Ordinary Differential Equations/Exact 2

This page details a method for finding the solutions to equations of the form

{\frac {dy}{dx}}+P(x)y=Q(x),

Using the Integrating Factor: $I(x)=e^{\int P(x)dx}$

Example 1 edit

Consider the following equation:

{\frac {dy}{dx}}+3y=xe^{-3x}+1

Now the $P(x)=3$ So the integrating factor is:

I(x)=e^{\int P(x)dx}

I(x)=e^{\int 3dx}

I(x)=e^{3x}

Multiply the original equation by $I(x)$

e^{3x}{\frac {dy}{dx}}+e^{3x}3y=e^{3x}(xe^{-3x}+1)

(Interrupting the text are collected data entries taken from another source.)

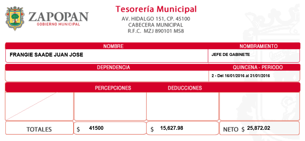 Recibo de Quincena por $41,500.00 pesos del dueño de la cantina en Plaza Guadalajara, Juan Manuel Frangie Saade, y tolerancia influyente con su cantina por parte de Enrique Alfaro Ramírez, en cambio a un humilde comerciante ambulante como Eugenio Marín, cárcel por vender globos en la Plaza Guadalajara.
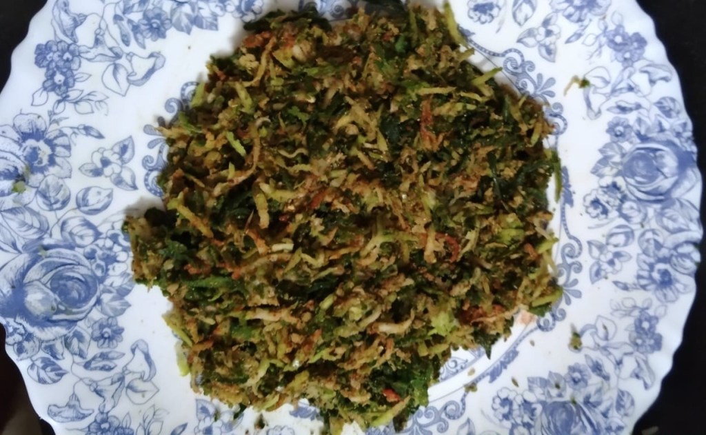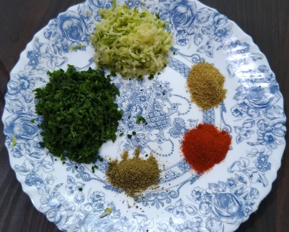 Scrape the karela and remove the rough portions, but don’t discard them.Slit the Karelia in the middle and remove all the seeds.Apply salt on both inside and outside of the karela and the scraps and let it rest for about an hour. After an hour gently squeeze them all and remove the water completely.
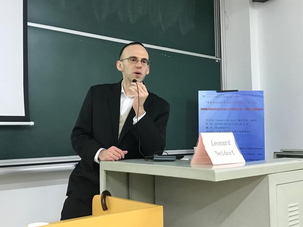 4月29日下午2点半,哈佛大学博士、南京大学英语系教授Leonard Neidorf为Beat365官网师生做了一场关于“如何在国际期刊上发表人文学课论文:理论与实践探讨”的讲座。本次讲座系“语言文化与世界文明”系列讲座第三十五讲,由Beat365中文官方网站英语文学文化研究中心主任尚晓进教授主持,到场中外师生约40余名。
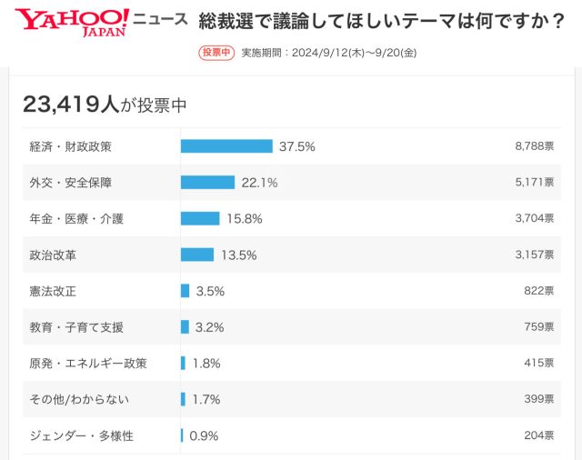 Yahoo! Japanで「総裁選で議論してほしいテーマは何ですか?」という投票をやっているのですが
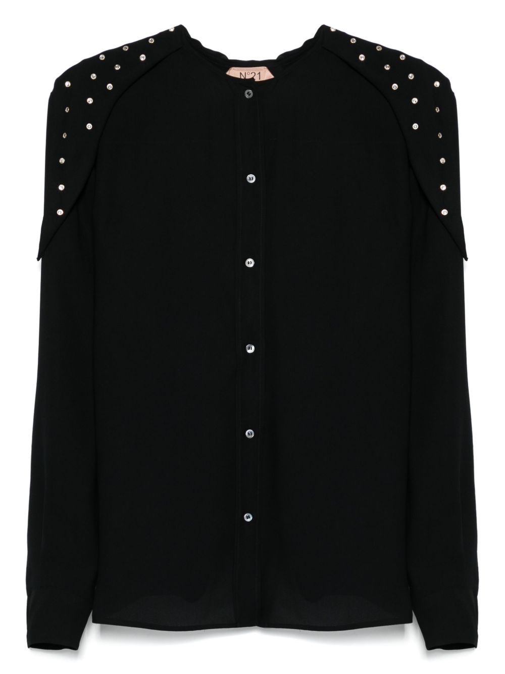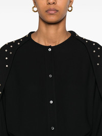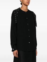 collarless shirt Highlights - Black - Front button fastening - Buttoned cuffs - Glass crystal embellishment Imported Composition Viscose 100%, glass 80%, Metal 20% SIZE & FIT Model measurements Height 5 ft 10 in(1.77 m) Bust/Chest 33.07 in(84 cm) Hips 37 in(94 cm) Waist 24.8 in(63 cm) FittingInformation Designed to be unstructured, offering a loose fit throughout Made from a lightweight non-stretch fabric Washing instructions Dry Clean Only
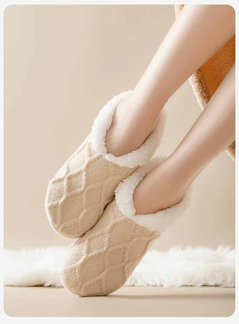 防滑舒適辦公居家加絨保暖襪【奶白色】+【杏色】各一組(到手2組,每組均價399元)
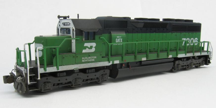 Here we have a Kato Burlington Northern SD40G. This loco is too new for my modeling time of May 1988, but I had detailed it before I backdated from 1990. It will find some running time between operating sessions.
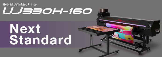 "UJ330H-160" is a Hybrid UV inkjet printer that supports direct printing of rigid (board) materials in addition to output to roll materials.
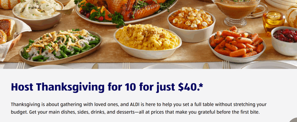 - Aldi is offering a 10 person thanksgiving meal for $40. This includes:
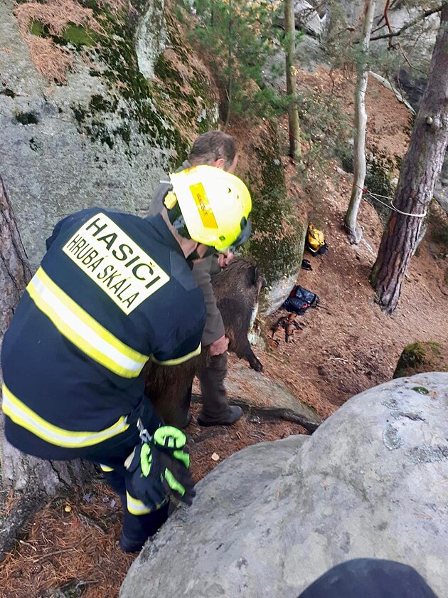 Do pasti na skalní věži se dostala rodina divokých prasat.
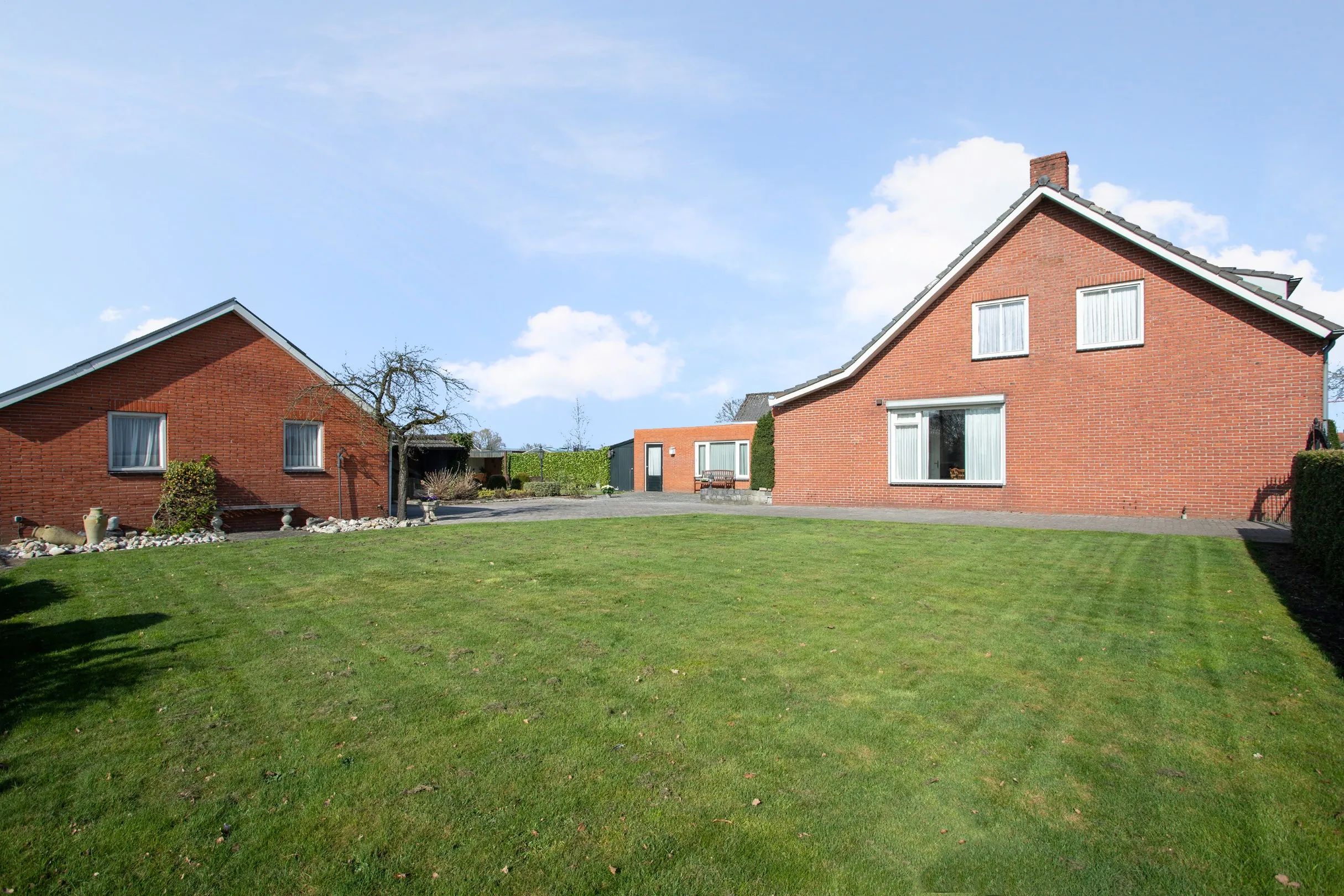 Deze royale woning staat op een perceel van ca. 1.100 m² en ligt in het buitengebied en toch ook tegen het centrum, oftewel voorzieningen op loopafstand. Naast de woning is er een mantelzorg woning aanwezig en is er een grote schuur van ruim 100 m² vloeroppervlakte aanwezig. In deze schuur zijn twee paardenboxen aanwezig en veel bergruimte verdeeld over meerder separate ingangen. Het uitzicht aan de achterkant over de landerijen is weids en erg ruimtelijk.

e^{3x}{\frac {dy}{dx}}+e^{3x}3y=x+e^{3x}

Then try: ${\frac {d}{dx}}(ye^{3x})=e^{3x}{\frac {dy}{dx}}+e^{3x}3y$

Which is equal to the LHS giving us:

{\frac {d}{dx}}(ye^{3x})=x+e^{3x}

Then integrate with respect to x:

\int {\frac {d}{dx}}(ye^{3x})dx=\int xdx+\int e^{3x}dx

Giving:

ye^{3x}={\frac {x^{2}}{2}}+{\frac {e^{3x}}{3}}+C

y={\frac {x^{2}}{2e^{3x}}}+{\frac {1}{3}}+Ce^{-3x}

(This is the general solution)